Legislators may rework some of the language that Scott opposed in H.219 in the remaining weeks of this year’s session, Headrick said, or could take the legislation up again at the start of next year’s session. 

— Shaun Robinson


On the move

A key Senate committee advanced the Legislature’s landmark education bill Thursday, but not before nearly every committee member vented their discomfort with the legislation. 

“I can’t remember ever feeling as bad about a vote as I do on this one, but it will move us forward,” Sen. Ann Cummings, D-Washington, the Senate Finance Committee’s chair, told her colleagues after voting out H.454

The bill proposes generational changes to Vermont’s school governance and finance systems that would phase in over multiple years, including school district consolidation and a new education funding formula, but leaves open some key decision points for the future. 

Read more about the Senate’s version of the education reform bill here

— Ethan Weinstein

The Senate on Friday passed H.1, a bill that would eliminate a requirement from state law that the Legislature’s two internal ethics panels consult with the State Ethics Commission over cases in which lawmakers are accused of potential misconduct. 

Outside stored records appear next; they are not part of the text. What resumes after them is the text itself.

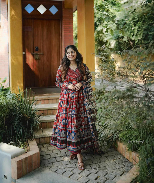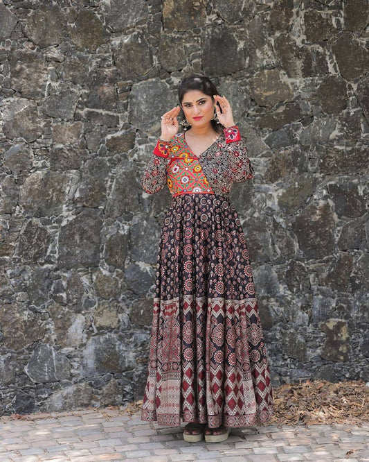 New Designer Navratri Special Rayon Printed With Mirror Work Gown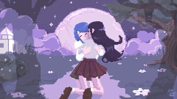 2 13 💜🌙☁️FHD://キミトツナガルセカイ:i☁️🌙💜 #イラスト #illustration #ドット絵 21/05/27 03:05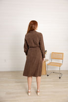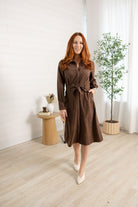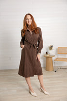 Elevate your wardrobe with this timeless brown belted midi shirt dress, designed for both everyday wear and polished occasions. The rich chocolate hue pairs beautifully with everything from boots to heels, while the soft textured fabric adds depth and dimension to your look.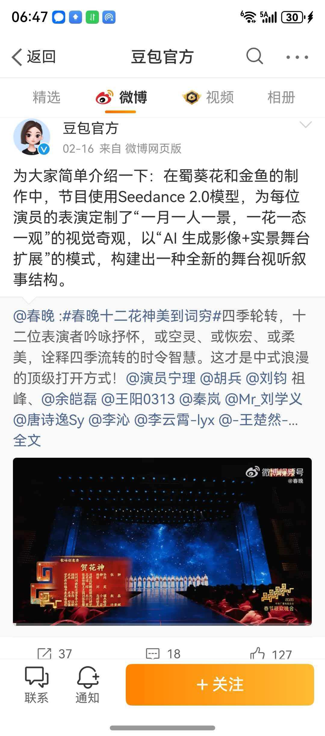 曾经需要下载专门APP、访问网页、输入复杂指令prompt才能使用的AI视频工具,在抖音、剪映等国民级应用中,实现了“拍同款”式的傻瓜操作。春节期间,个性化的AI拜年视频,成了潮流人士新年祝福的新方式。马年春晚,则是AI视频破圈的最高潮,字节跳动的Seedance 2.0模型参与《贺花神》等舞台视觉,让亿万观众直观感受到了中国AI视频生成的效果。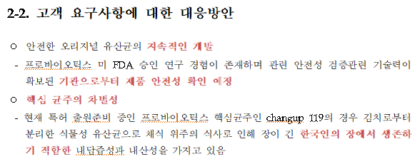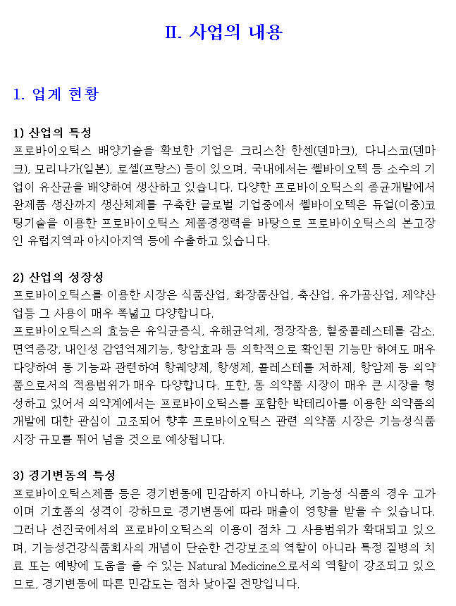 사업보고서 파일을 여셔서 특히 제2장 사업의 내용 부분을 보시면 아래와 같이 프로바이오틱스 산업의 특성, 성장성, 자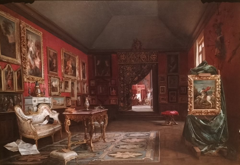 El último ámbito de la exposición, «El artista en el estudio», aporta una serie de representaciones de pintores en el interior de sus espacios de trabajo. En el siglo XIX, la atención objetiva a todos los elementos de la vida cotidiana, junto con la particular reflexión del artista sobre su entono inmediato y las circunstancias de su propia práctica, propiciaron el gusto por la representación de los ambientes de trabajo, es decir, de los estudios. En estas obras era frecuente la inclusión, junto a las propias obras del pintor, de las de otros artistas apreciados por él, del pasado o del presente, de copias realizadas por el propio autor o de imágenes grabadas o fotografiadas. Destacamos: Interior del estudio de Muñoz Degrain en Valencia, de Francisco Domingo Marqués (1867, óleo/tabla), y el Estudio del pintor, de Ignacio León y Escosura (1888, óleo/lienzo).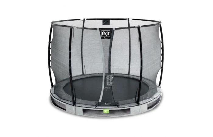 De EXIT Elegant Premium inground trampoline met Deluxe veiligheidsnet is een kleine ronde trampoline van zeer goede kwaliteit met een grijze beschermrand en een grijze rok. Deze trampoline graaf je deels in de grond, wat niet alleen extra veilig is maar ook mooi oogt in de tuin. De Elegant Premium inground trampolines met Deluxe veiligheidsnet zijn veilig, mooi en eenvoudig op te bouwen!

Legislators have argued that the consultation requirement, part of a sweeping set of changes to state ethics laws enacted in 2024, infringed on the separation of powers guaranteed in the state Constitution. But the proposal has drawn repeated opposition from the Ethics Commission, which argued it could be the start of a slippery slope of reneging on last year’s accountability measures.

The bill will now head back to the House to consider the Senate’s changes.